Многомерное пространство социального мира выстаивается по принципам дифференциации и распределения, сформированным совокупностью действующих свойств в социальном универсуме; в той мере, в какой свойства, выбранные для построения пространства, являются активными его свойствами, это пространство можно описать как поле сил, совокупность объективных отношений, которые «навязываются всем входящим в это поле и несводимы к намерениям индивидуальных агентов или же только к их непосредственным взаимодействиям» [Бурдье П., 2007, с. 15]. Это конструкция внешняя. Уточним теперь характер внутренней конструкции (понятийной модели). Социальное поле — продолжим принятую за основу схему — можно описать как такое многомерное пространство позиций, в котором агенты определяются объективно по их конкретной позиции в этих отношениях (по П. Бурдье, устойчивых, признанных социально или гарантированных юридически социальных статусах). «Экстенсивность социальной системы тотальна; она охватывает все взаимосвязи своих членов, полностью регулирует их поведение и все их взаимоотношения, число социальных взаимосвязей, вовлеченных в такую систему, чрезвычайно велико; каждый шаг человека приводит ее в действие» [Сорокин П.А., 2006, с. 632].
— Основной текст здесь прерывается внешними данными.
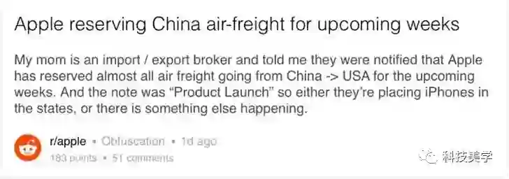 另外据Reddit用户爆料,苹果近期已经定下了未来数周几乎所有从中国飞往美国的货运航班,该用户称他妈妈是一个进口/出口经纪人,她透露称所有这些被苹果预定的货机还均贴上了“产品发布”(Product Launch)的字样。

Во всякой активности общностей структуры социальной «стратификации» и механизмы социализации индивида определяются хозяйственными причинами, вытекающими из экономической ситуации; всякое действие является экономически детерминированным. Что же такое социальное действие (не только указавший на решающее значение протестантской этики для упрочения экономического базиса западноевропейской цивилизации М. Вебер, но уже Аристотель не сомневался, что дух капитализма в неразрывном единстве с полисной этикой обеспечил расцвет афинской демократии) и как оно соотносится с хозяйством? Позволим себе обширную цитату, поскольку вряд ли кто-то скажет об этом лучше самого М. Вебера: «Рационально организуемое действие по субъективно подразумеваемому смыслу участниками может быть нацелено на хозяйственный результат — удовлетворение потребности или получение дохода. Тогда оно ложится в основание хозяйственной общности. Также оно может использовать хозяйствование как средство для достижения других результатов, на которые нацелено. Тогда это хозяйствующая общность. Хозяйственные и нехозяйственные цели в действии связаны друг с другом. Строго говоря, первое относится только к тем общностям, которые хотят извлечь выгоду из специфической экономической ситуации, к хозяйственным общностям, ориентированным на получение дохода. Общности, ориентированные на удовлетворение потребностей, прибегают к хозяйствованию ровно в той мере, в какой оно неизбежно при имеющемся соотношении потребностей и имеющихся для их удовлетворения благ» [Вебер М., 2017, с. 62]. Это объяснение — основа анализа литературного источника (сборника эпиграмм Марциала), «блеск и нищета» великого Рима (имущественное расслоение «народа римского» — предельно дифференцированного социального целого) — ведущая тема его эпиграмм (жанра специфического; о природе смеха написано филологами немало). Культура отражает «экспрессивную» сторону социальной жизни, ее символы репрезентируют образ мыслей, чувствований, стереотипы социального поведения членов общества [Griswold W., 2013, p. 12].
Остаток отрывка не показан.